Data block.
--------------------------------------------------

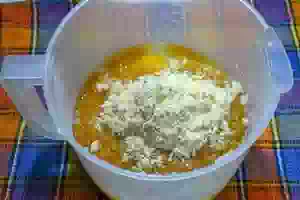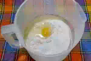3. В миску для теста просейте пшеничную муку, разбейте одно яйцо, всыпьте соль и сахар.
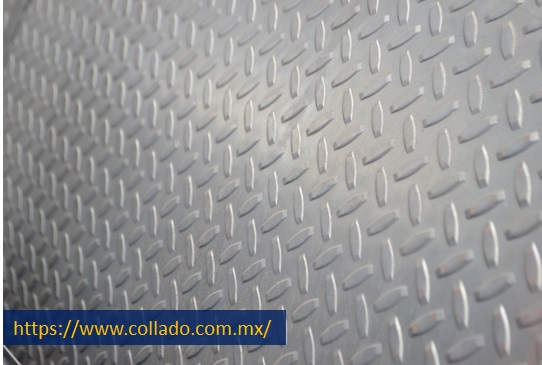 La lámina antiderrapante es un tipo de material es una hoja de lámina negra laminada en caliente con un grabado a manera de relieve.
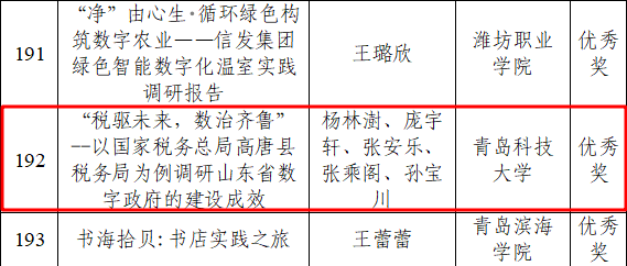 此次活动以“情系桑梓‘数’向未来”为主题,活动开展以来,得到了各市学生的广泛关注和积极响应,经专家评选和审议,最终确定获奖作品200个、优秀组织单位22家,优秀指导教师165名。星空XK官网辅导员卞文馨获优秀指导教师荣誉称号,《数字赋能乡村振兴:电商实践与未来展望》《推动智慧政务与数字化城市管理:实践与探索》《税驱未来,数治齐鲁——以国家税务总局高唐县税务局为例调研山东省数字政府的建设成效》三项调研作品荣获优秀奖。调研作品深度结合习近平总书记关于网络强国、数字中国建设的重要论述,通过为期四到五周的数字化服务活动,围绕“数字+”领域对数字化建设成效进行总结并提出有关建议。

--------------------------------------------------

Task instructions. Starting with the first line of the material, print each line exactly until you have printed the line with "La lámina antiderrapante", and skip the pictures.

Expected answer.
3. В миску для теста просейте пшеничную муку, разбейте одно яйцо, всыпьте соль и сахар.
 La lámina antiderrapante es un tipo de material es una hoja de lámina negra laminada en caliente con un grabado a manera de relieve.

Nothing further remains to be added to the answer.